--- Data block ---
#####

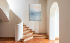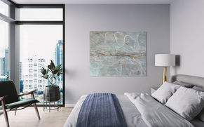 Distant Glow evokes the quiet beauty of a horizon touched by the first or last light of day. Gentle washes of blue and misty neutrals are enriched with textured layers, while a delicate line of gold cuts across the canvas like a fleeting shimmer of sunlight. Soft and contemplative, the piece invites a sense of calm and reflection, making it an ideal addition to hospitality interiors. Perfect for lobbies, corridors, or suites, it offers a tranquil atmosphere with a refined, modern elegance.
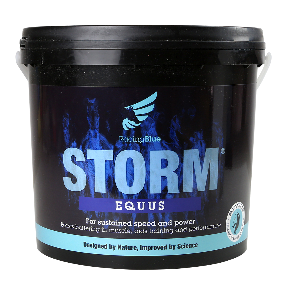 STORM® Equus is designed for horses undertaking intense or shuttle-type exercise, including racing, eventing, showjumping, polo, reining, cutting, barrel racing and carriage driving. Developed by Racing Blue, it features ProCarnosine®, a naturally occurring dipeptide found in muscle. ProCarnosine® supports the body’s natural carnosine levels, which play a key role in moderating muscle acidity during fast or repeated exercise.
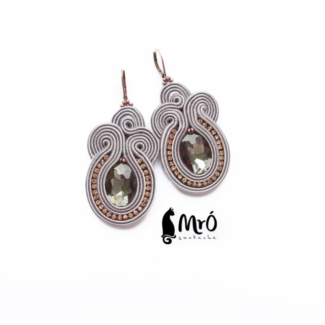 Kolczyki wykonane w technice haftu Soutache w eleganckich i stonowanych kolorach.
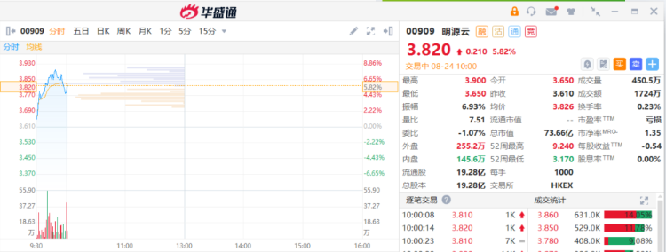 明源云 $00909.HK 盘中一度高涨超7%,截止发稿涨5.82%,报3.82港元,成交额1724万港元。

#####

The pictures alone are to be left out when the data above is copied; all else must match exactly.

 Distant Glow evokes the quiet beauty of a horizon touched by the first or last light of day. Gentle washes of blue and misty neutrals are enriched with textured layers, while a delicate line of gold cuts across the canvas like a fleeting shimmer of sunlight. Soft and contemplative, the piece invites a sense of calm and reflection, making it an ideal addition to hospitality interiors. Perfect for lobbies, corridors, or suites, it offers a tranquil atmosphere with a refined, modern elegance.
 STORM® Equus is designed for horses undertaking intense or shuttle-type exercise, including racing, eventing, showjumping, polo, reining, cutting, barrel racing and carriage driving. Developed by Racing Blue, it features ProCarnosine®, a naturally occurring dipeptide found in muscle. ProCarnosine® supports the body’s natural carnosine levels, which play a key role in moderating muscle acidity during fast or repeated exercise.
 Kolczyki wykonane w technice haftu Soutache w eleganckich i stonowanych kolorach.
 明源云 $00909.HK 盘中一度高涨超7%,截止发稿涨5.82%,报3.82港元,成交额1724万港元。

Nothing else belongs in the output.